Como todos los viernes, esa
vuelta llegué a lo de G. con la cabeza afinada. La vecina me había sermoneado
después de presenciar cómo F. rociaba con orín los malvones recién plantados
que emperifollaban la galería de entrada. La sensibilidad de la vecina hacia
los malvones, la falta de decoro de F. (a quien aquejaba la urgencia) y la
cadencia del sol de media tarde me habían despertado las ganas de estar con G.
A las doce menos cuarto arribaba a su casa.
El monoambiente en el que vivía
no era más grande que un cuarto de hotel, baño propio y entrepiso. G. adoraba
el entrepiso. Sobre la bobina que hacía de mesa descansaba una botella color
caramelo. Grande, como de litro o algo así. Erguida como una esfinge metálica
relucía, solitaria como una estatuilla de altar. El guiño de G. me anticipó lo
que vendría. Gamma-hidroxibutirato,
me dijo. ¿Qué cosa?, respondí. GHB, y continuó absorto en su lectura, sin
poder mirar hacia el costado, como un caballo con anteojeras. Le lancé un gesto
de desaprobación, pero G. no me veía. Así que me limité a inspeccionar el
envase sin etiqueta: un líquido incoloro yacía dentro, inodoro, como agua o
vodka. En un rato pasa Chummy, esclareció.
Chummy nunca me cayó del todo bien.
El timbre silbó al momento que G.
se disponía a comenzar con el ritual. Ahí
está Chummy, dijo, y tomó un pequeño embudo de un estante. Trasvasó una
pequeña cantidad de elixir líquido en un frasquito y bajó las escaleras. Todos
sabíamos que el tormento de Chummy era el insomnio. Cada temporada de vida lo
encontraba saboreando una nueva cura, un nuevo activo de la farmafia que G. se encargaba de proveer.
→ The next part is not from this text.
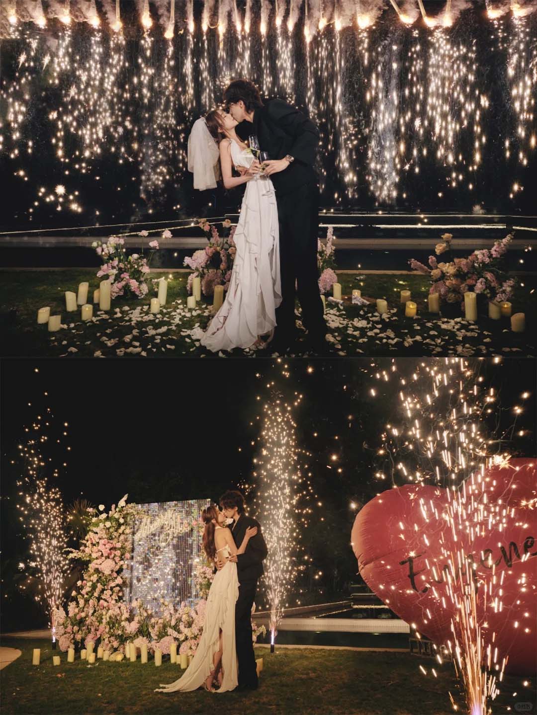 求婚时,烟花巧妙地构成了一个闪耀的心形图案,以及璀璨的“Marry Me”字样,粉色、蓝色和白色的烟花交织在一起,将周围的空气都晕染得格外温馨和梦幻。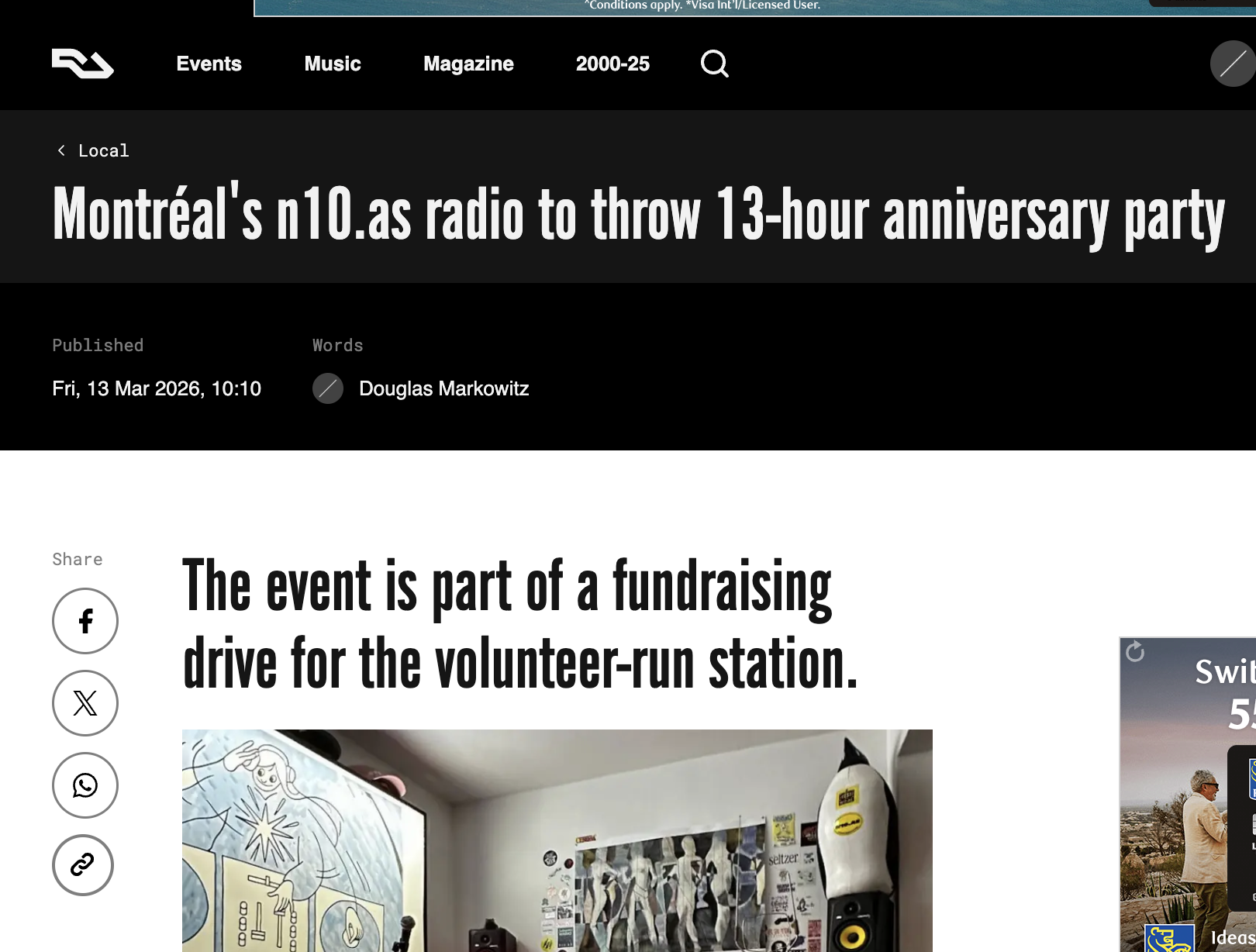 Resident Advisor Montréal's n10.as radio to throw 13-hour anniversary party

Tiempo después habría de conocer la “casi muerte” de Chummy con el sedante. En
un atraco de desesperación, el GHB le había pateado la parte de atrás de la
cabeza. Tres veces la dosis de su cuerpo, cinco horas de coma narcótico. No hay
cura para el insomnio.
Un parpadeo y G. ya se encontraba
de vuelta y había reanudado el ritual. Recuerdo con detalle la precisión de sus
movimientos: el líquido fluyendo a través de la cánula de un gotero gigante y
las gotas introduciéndose una a una en un vaso con agua. Unas diez gotas y el
brebaje estaba listo. De una, dijo G.,
y así lo hice. Un sabor salado se apoderó de mi lengua, luego un instante de
amargura, por último el elixir alcanzó el estómago. Salimos a caminar. Al
cuarto de hora se activó la shakti.
Un calor suave subió desde el bajo vientre y se alojó en la garganta. Las risas
brotaron a borbotones mientras andábamos la ciudad a pie, entonados, como si
hubiésemos degustado unos buenos litros de tinto. En una plazoleta nos sentamos
a conversar e intercambiar cigarros. No lo mezclamos con nada. A las horas
retornábamos al hogar, el fuego empezaba a menguar y el sueño comenzaba a
sentirse.
El calor del entrepiso activó el
mareo. Aún sonrientes, nos invadió el cansancio, resabios de un bueno pedo
amigo. Como la resaca parecía inminente optamos por lo sano y nos tendimos en
la cama, de costado y cerramos los ojos. Memorias palpables: el líquido chorreando
una y otra vez por el gotero, la precisión de los dedos de G., la exactitud de
la receta, la pizca adecuada.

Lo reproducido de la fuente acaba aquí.